Executive Summary
Vercel has successfully deployed an internal AI-powered workflow to automate the code review process for one of its largest applications. The system uses an LLM-based classifier to distinguish between low-risk changes (e.g., UI, docs) and high-risk changes (e.g., authentication, payments). This allows an AI agent to safely auto-merge 58% of all pull requests without human intervention, significantly reducing development bottlenecks. As a result, the average time-to-merge has dropped by 62%, while the speed and focus of human reviews on critical code have improved.
Key Takeaways
* Primary Function: An LLM (Gemini) classifies pull requests (PRs) as either "HIGH" or "LOW" risk based on an analysis of the code diff, title, and description.

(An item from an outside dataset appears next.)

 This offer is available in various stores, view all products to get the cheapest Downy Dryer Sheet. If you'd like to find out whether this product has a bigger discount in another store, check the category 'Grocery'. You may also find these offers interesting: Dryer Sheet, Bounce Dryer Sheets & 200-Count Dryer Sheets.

* Automated Workflow: Low-risk PRs are automatically approved and merged by the agent, while high-risk PRs are flagged and require mandatory human review.
* Performance Metrics:
* 58% of all PRs are now handled automatically by the agent.
* Average merge time decreased by 62%, from 29 hours to 10.9 hours.

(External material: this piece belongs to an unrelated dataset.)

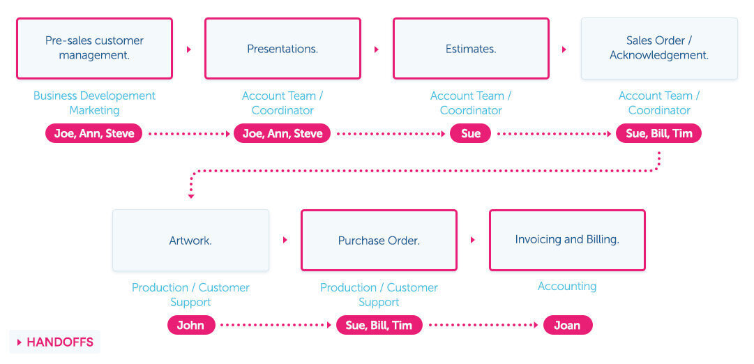 Now include the names of your colleagues in those departments. Draw an arrow between each handoff. A handoff is where you and your team transfers information from one system to another to move the project along. This might be from a quote system to a purchase order system, or from a purchase order to an accounting system. Handoff’s are bottlenecks.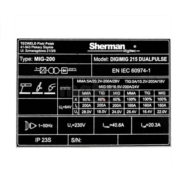 Spawarka inwerterowa synergia MIGOMAT MIG Sherman DIGIMIG 215 DUAL PULSE

* Individual developer throughput increased by 46%.
* Safety & Reliability:
* Zero auto-merged PRs were reverted during the experiment.
* The system is tuned to favor "false HIGHs" over "false LOWs" to err on the side of caution.
* Deployment rollbacks decreased, and the only incident-causing rollback was from a human-approved PR that the AI had correctly flagged as high-risk.
* Improved Human Review: With fewer PRs to review, human engineers focused on more critical changes, with the time-to-first-review on high-risk PRs improving by 2.7x.
Strategic Importance
This initiative serves as a powerful case study for applying AI agents to solve real-world bottlenecks in the software development lifecycle, increasing engineering velocity without compromising safety. For Vercel, it validates its own AI infrastructure and demonstrates a tangible method for other engineering organizations to scale development practices.